What do you mean by typical steel fence post ?

To me that means a galvanized steel post. You’d make your job simpler for the welder by using sch 40 black or bare steel pipe.

The other problem is you are adding a 2 ft lever arm to each bed leg. What is to stop one or more legs from splaying out ? (Bending the leg or bed frame, and possibly rolling an occupant onto the floor)

I’d want to either brace the leg extensions to prevent it, or screwing floor flanges to the floor to prevent the bottom of the posts from moving once they are in place.

A lot of people don’t want to get involved with raising beds because of the possible liabilities should something happen..


----------



## Sam Hobbs (Jul 18, 2019)

Oso954 said:


> What do you mean by typical steel fence post ?


I mean the type that is in stock at Home Depot.



Oso954 said:


> The other problem is you are adding a 2 ft lever arm to each bed leg.


I am aware of that and intend to stabilize it appropriately.

As best as I understand, what I am asking is possible and will work except it would be expensive. If that is not accurate then the relevant discussion got diluted by other topics.


----------



## Bondo (Dec 8, 2007)

Sam Hobbs said:


> I mean the type that is in stock at Home Depot.
> 
> 
> I am aware of that and intend to stabilize it appropriately.
> ...


Ayuh,...... *Only* if you don't have, or know somebody with a little, or big, Welder,.....

I could knock-off what I think yer lookin' for, in my garage, in a couple hours, if I wasn't hurryin',....
'n the washers were already drop-in snug,...... no grindin' 'em down,....

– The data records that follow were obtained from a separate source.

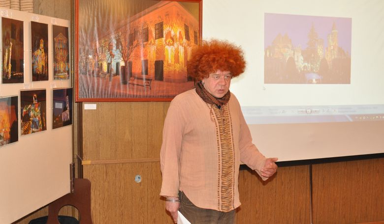 A tárlatnyitó alkalmából előadást tartott Szepesi Imre, a Méhkasaula Kulturális Közhasznú Egyesület elnöke, aki elmondta, hogy a Méhkasaula dia projectje a party kultúrából a street art-ba került architekturális vetítéseket valósít meg köztereken és bel térben egyaránt. A vetített diakép, fénymontázst alkotva az épületek belső és külső falain un. „tapéta” jelleggel fénybe csomagolja a környezetet.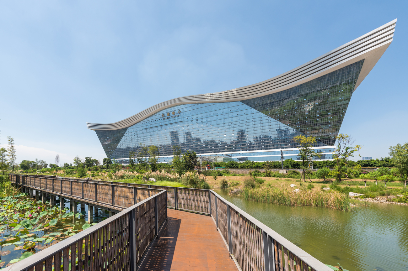 Entra en el New Century Global Center, uno de los edificios independientes más grandes del mundo, tan enorme que podría albergar alrededor de 20 Óperas de Sídney en su interior. Diseñado con una temática inspirada en el océano, se siente como una ciudad interior completamente autosuficiente, con un techo de cristal altísimo y un “sol” artificial que mantiene el espacio luminoso y agradable durante todo el año, así que el tiempo nunca será un problema para tu visita.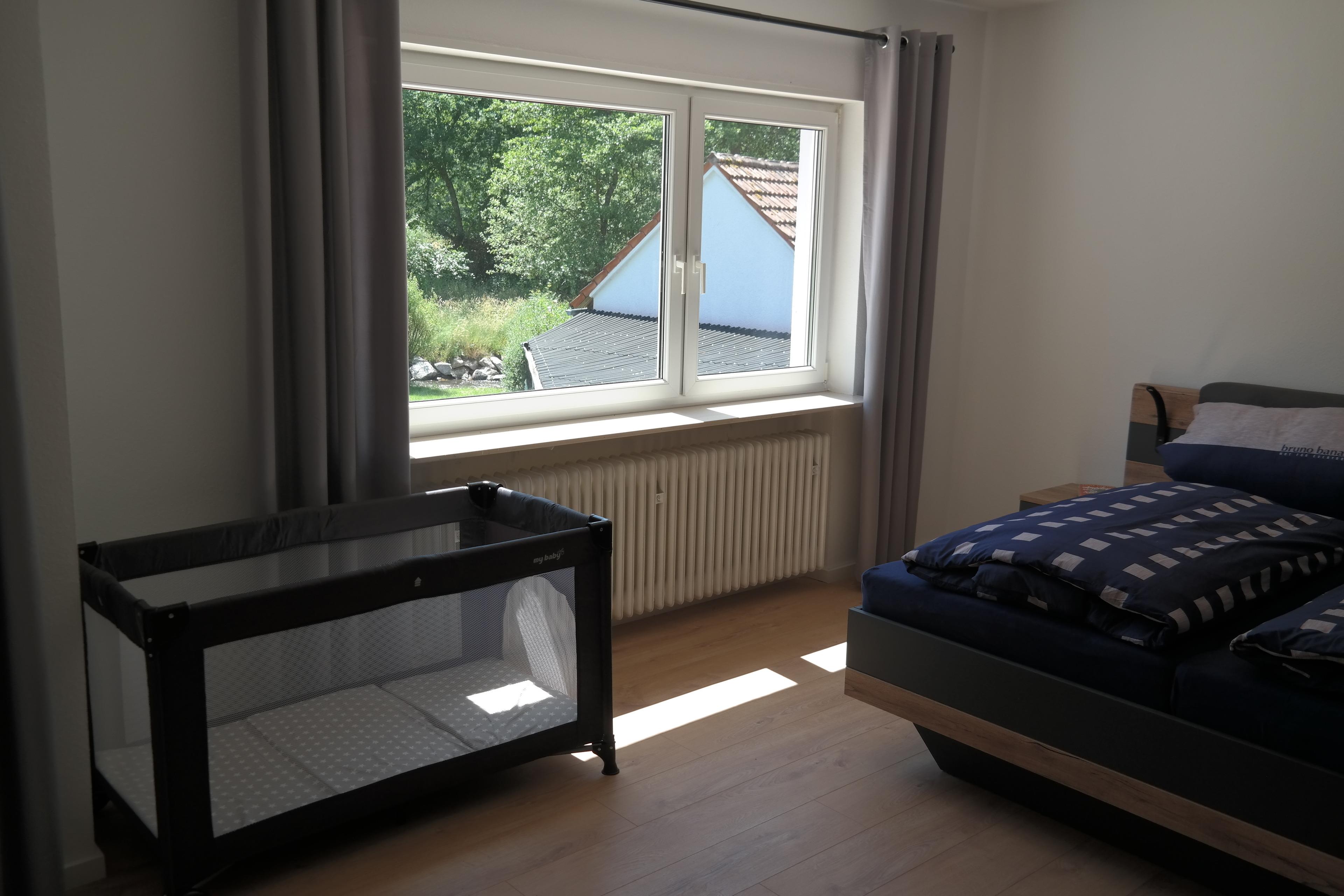 Im großen Schlafzimmer gibt es neben dem Doppelbett (180 cm) noch ein zusätzliches Schlafsofa (140 cm) und ein Babyreisebett. Die Fenster können mit Rollladen komplett abgedunkelt werden.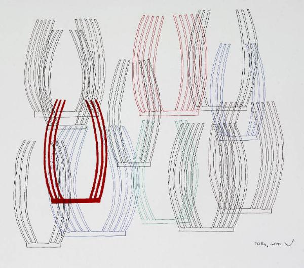 Composizione di dodici forme astratte sovrapposte e curvilinee, una delle quali colorata di rosso.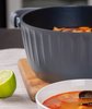 Крышка из термостойкого стекла позволяет контролировать процесс готовки и добавлять ингредиенты без потери тепла.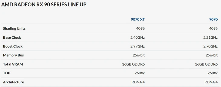 ложенная здесь в спецификациях, по-видимому, у 9070 XT будет 4096 шейдеров,но так же указанно что у 9070 тоже 4096 шейдеров, на самом деле я думаю это опечатка, должно быть 3584

To do it without a welder, ya cut little slots in 4 or 6 places around the tube, at the level ya want the snug fittin' washers to sit inside the tube,......
Fence tubin' is thin-wall, so you'd use a dull chisel to bash in the bottom of the slots ya just cut in the tubin', 'bout 3/16" to maybe 1/4" to create a step for the washers to sit on,.....
After that, drop in, 'n position the washers, 'n slip 'em onto the bed,.......

Donno how stable it'll be,.... bracin' should be used,.....


----------



## Sam Hobbs (Jul 18, 2019)

Bondo said:


> Ayuh,...... *Only* if you don't have, or know somebody with a little, or big, Welder,.....


I should have said in my previous reply that the occupational college solution seems reasonable but I think it would involve too much at this point.

The thing is that the previous owner installed some fence post in the legs to add strength so I know that works. He drilled holes in them to keep the fence post in place. He used fence post just because it is the only material he could find that fits. If screws/bolts can provide adequate horizontal support then that would be the most practical. I just wanted to explore the welding possibility.


----------



## Nealtw (Jun 22, 2017)

Have you looked at scaffolding parts like the feet and what they use to join them one one top of the other.


----------



## Calson (Jan 23, 2019)

In similar situations I have drilled a hole through the outer pipe and used a hot dip galvanized bolt to support the piece on top.


----------